Das betrifft, wie bereits mehrmals ausgetauscht, Notwendigkeit, Zeitpunkt und Form der Funktional- und Verwaltungsreform, und das betrifft die Einbindung des Parlaments in diesen Prozeß. Gerade dadurch widerspiegelt sich in so manchen Überlegungen der einen oder der anderen Fraktion oder auch in der Arbeit der Ausschüsse ein stückweit Ratlosigkeit.

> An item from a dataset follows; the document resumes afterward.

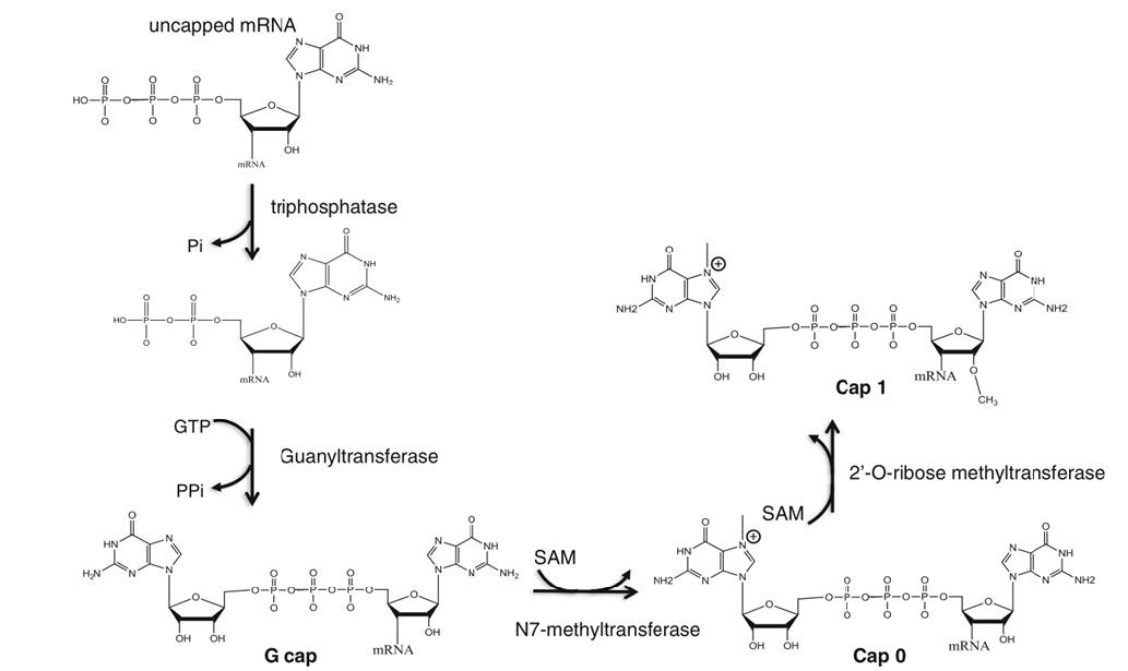 圖1. 參與mRNA 加帽的酶促途徑。Cap 0 結(jié)構(gòu) RNA 的產(chǎn)生需要牛痘病毒加帽酶:該酶兼具三磷酸酶、鳥(niǎo)苷轉(zhuǎn)移酶和鳥(niǎo)嘌呤甲基轉(zhuǎn)移酶的功能。其中S-腺苷甲硫氨酸(SAM)是甲基供體。一旦產(chǎn)生了Cap 0 結(jié)構(gòu),就可以通過(guò)2'-O-核糖甲基轉(zhuǎn)移酶進(jìn)一步修飾以產(chǎn)生Cap 1 結(jié)構(gòu)。本圖引自Michael Beverly , Amy Dell, Parul Parmar, Leslie Houghton et al (2016). Label-free analysis of mRNA capping efficiency using RNase H probes and LC-MS. Anal Bioanal Chem.

Uns geht das speziell so in der Frage danach, wie das Parlament tatsächlich zum Entscheidungsgremium vor allem für jene Prozesse werden kann, welche in der kommunalen Landschaft ablaufen. Diese Fachkonferenzen, die ja den Kommunalpolitikerinnen und Kommunalpolitikern im Land einbleuen sollen, es sei alles in Sack und Tüten, diese Beweisschlachten durch Rhetorik, die jeden langweilen, der in diesen Prozeß ein-geweiht ist da kann jeder nur den Kopf darüber schütteln, was sich im Land abspielt.
Nun treibt aber die gesamte Diskussion auch parlamentarisch immer seltsamere Blüten. Dazu leisten viele ihren Beitrag; die CDU steht dem in keiner Weise nach. Zunächst schmunzelten wir alle in der vorigen Sitzung über den Panzerschrankknackerantrag. Nun setzt die CDU in ihrem heutigen Antrag noch einen drauf. Herr Dr. Bergner, ich bedaure es wirklich, daß Sie die Kraft, die Sie in die Ausarbeitung Ihrer Rede gesteckt haben, nicht in den Antrag gesteckt haben.

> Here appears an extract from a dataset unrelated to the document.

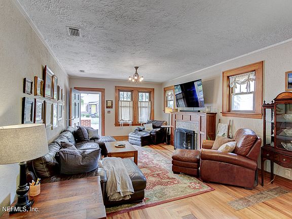 Welcome home to this classic Murray Hill 3/2 bungalow! The large front porch invites you into the spacious living and dining area with original wood floors and rare un-painted wood trim and doors throughout. Nicely updated kitchen with laundry and walk in pantry tucked behind a gorgeous custom stained glass door. The primary bedroom area consists of an en-suite bathroom, with walk in closet, double vanity and oversized shower. The two guest bedrooms/offices both have cedar lined closets and share the full hall bathroom. Current owners added natural gas for new tankless gas water heater, converted fireplace to a ventless gas fireplace, and added a gas range. Outdoor living space includes screened porch, patio area, fruit trees, firepit, storage shed, and an enclosed converted garage space.

Dann hätte über Inhalt und Form - auch übereinstimmend - eine Mehrheitsentscheidung getroffen werden können. „Der Landtag wolle beschließen“ - jetzt -, sich die richtungsweisenden Beschlüsse der CDU-Fraktion zu eigen zu machen. Bei dieser Gelegenheit soll er sich gleich noch intensiv davon überzeugen lassen, welch starke, dynamische Kraft die CDU doch ist.
Ich zitiere beispielhaft: „Die CDU hat ihre diesbezüglichen Hausaufgaben gemacht.“ - Aber nicht bei diesem Antrag!
„Angesichts der Handlungsunfähigkeit der Landesregierung legt die CDU-Fraktion aktualisierte und präzisierte Eckpunkte vor.“
Der Landtag möge sich bei gleicher Gelegenheit damit auseinandersetzen, daß die Landesregierung völlig unfähig ist, nachgewiesen am Antragsanlagentext: „Offensichtlich ist das Kabinett nicht fähig und nicht willens...“ - Die Landesregierung, die tatenlos dahinwurstelt. Das kann ja alles sein, Herr Dr. Bergner, aber wir wissen nicht, was wir damit anfangen sollen.
Soll der Landtag beschließen, daß die CDU die führende Kraft ist? Oder sollen wir noch ein paar Beschlüsse der PDS in ihrem Urzustand in die parlamentarische Diskussion einbringen?